Dodoo is one of 151 Schwarzman Scholars chosen this year out of nearly 3,000 applicants from 33 countries. She is the eighth Amherst graduate to win the scholarship since it was founded in 2015 to foster understanding of Chinese culture and business among future generations of global leaders. 

“From a young age, I have been immersed in international education,” Dodoo wrote when applying for the Schwarzman. “I was born in Silver Spring, Md., but was educated in Accra, Ghana. Most of my immediate family currently live in Ghana.”

Dodoo carried what she calls a “mission of global cooperation” to Amherst, where she majored in law, jurisprudence and social thought and ultimately wrote a senior thesis on women and sexual minorities in postcolonial Africa. She also earned a Five College International Relations Certificate. She held an internship at African Leadership University in Pamplemousses, Mauritius, in the summer of 2018 and studied abroad in Quito, Ecuador, in early 2020. Her dedication to community-building within Amherst’s African and Caribbean Students Union garnered her the Darienne Dac Madlada Heritage Award.

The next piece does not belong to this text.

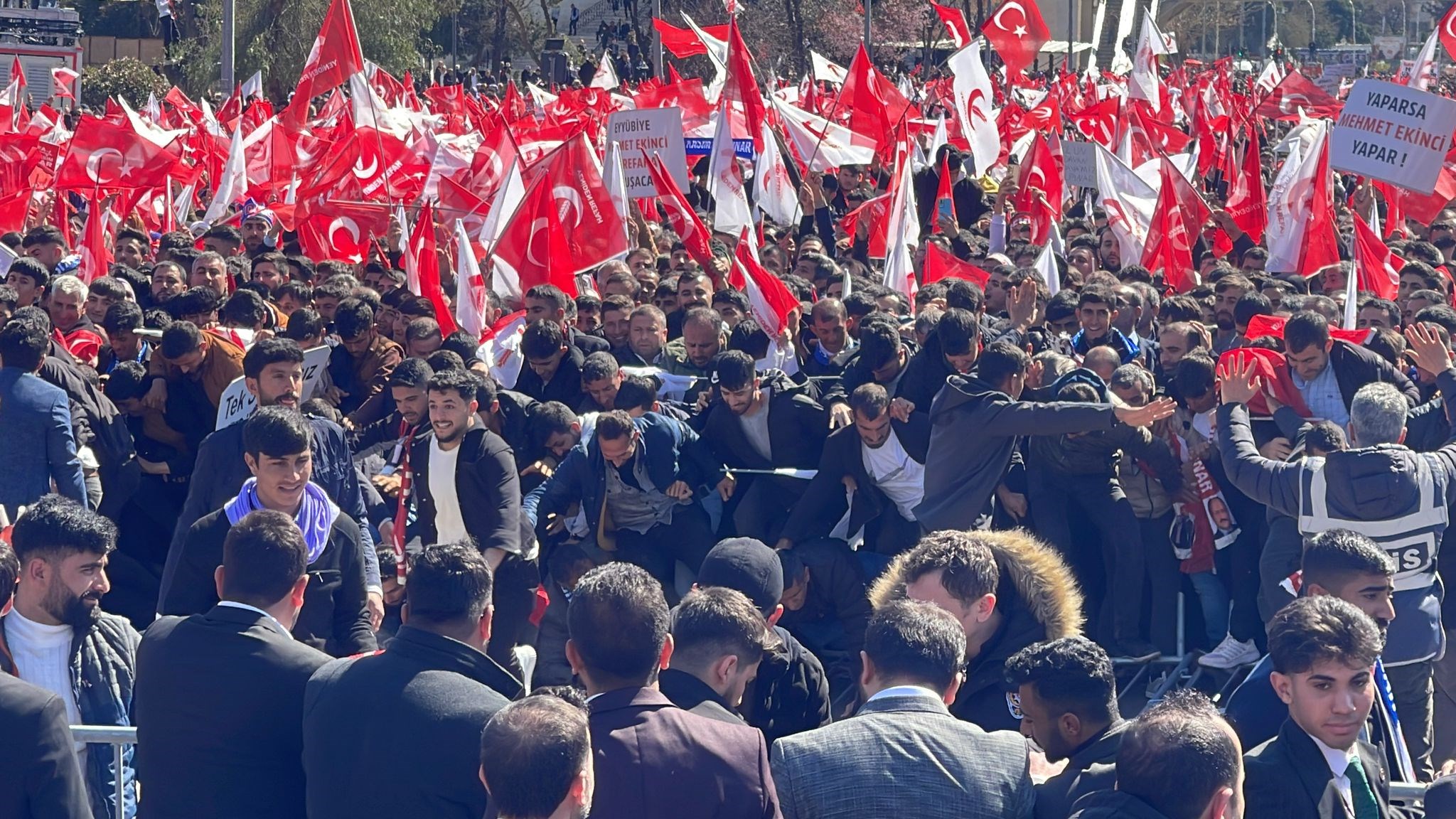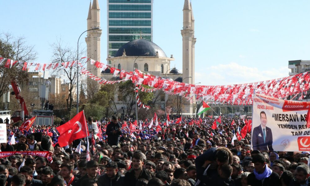 YENİDEN Refah Partisi Genel Başkanı Fatih Erbakan, Şanlıurfada 40 yıl sonra milli görüş belediyeciliğinin yeniden iş başına geleceğini söyledi.Yeniden Refah Partisi Genel Başkanı Fatih Erbakan, Şanlıurfa’da partisinin düzenlediği mitinge katıldı. Binlerce kişinin katıldığı mitingde konuşan Erbakan, Şanlıurfa Büyükşehir Belediye başkan adayı Mehmet Kasım Gürpınar ile Şanlıurfanın yeniden milli görüş belediyeciliği ile buluşacağını belirterek, “1984te Şanlıurfada milli görüş belediyeciliği ile tanıştı. Şimdi, 40 yıl sonra 31 Martta tekrar Büyükşehir Belediye başkan adayımız Mehmet Kasım Gülpınarın yönetiminde milli görüş belediyeciliği başlayacak. Bu muazzam manzara Şanlıurfaya yakışır. 200 binin üzerinde insanla Şanlıurfa bugün mesajını net bir şekilde veriyor. Bütün engellemelere, ambargolara rağmen, bütün güç ellerinde olmasına rağmen Allah haklının kazanmasını istiyor. Milletimiz neden Yeniden Refaha koşuyor? Çünkü bu millet rantçı belediyeden bıktı artık. Değişim istiyor, samimi, dürüst, tevazu sahibi belediye başkanları istiyor. Milletin derdi ile dertleneceğine kendi makam aracı ile dertlenen, millet ile arasına mesafe koymuş belediyeleri istemiyor” dedi.Öte yandan miting alanının kalabalık olması nedeniyle alanda sıkışan bir grup ise bariyerlerin yıkması sonucu ezilme tehlikesi geçirdi.

But Dodoo wrote—and the Amherst staff members who recommended her for the Schwarzman Scholarship agree—that she both broadened her global view and honed her leadership skills as an outreach coordinator and a summer intern in one of the College’s newly formed resource centers: “Working at the Center for International Student Engagement added the social perspective required to translate the theory I studied in classes into active programming for the Amherst community.” 

This programming included the International Student Pre-Orientation and the mental-health-focused International Interactions discussion series, which Dodoo co-facilitated with staff from the Counseling Center. “My goal when I joined the CISE was to make sure international students would have a voice, loud and distinct, in the Amherst student body,” she wrote in her Schwarzman application essay, which described her view from the podium as organizer and student speaker at the Be:Long International Student Graduation Ceremony in May.

“Through CISE programming, I learned more about women’s rights movements worldwide and the formidable women leading the charge for equity. Among these women were the influential and strategic leaders from ancient to modern China,” she told the Schwarzman judges. “Exploring women’s rights in China will allow me to learn directly from and with women who lead in specific cultural and legal contexts different from my own.” 

“It took a village to get to this stage,” says Dodoo of her scholarship application process. “So much gratitude goes out to Christine [Overstreet] in the fellowship office for the helpful practice and prep, the alumni who helped answer my nervous calls, the staff members who continue to mentor me through Amherst and beyond, the friends who stood by to help even in the 11th hour and the faculty who were always on call when I needed guidance.”

Throughout her Schwarzman year, Dodoo hopes to engage in thoughtful conversations with students, workers and leaders, and to “paint a more holistic picture of global policy, and how it reflects in local governmental legislation.” She adds, “I am also very excited to experience the cultural richness of China (especially the food!).”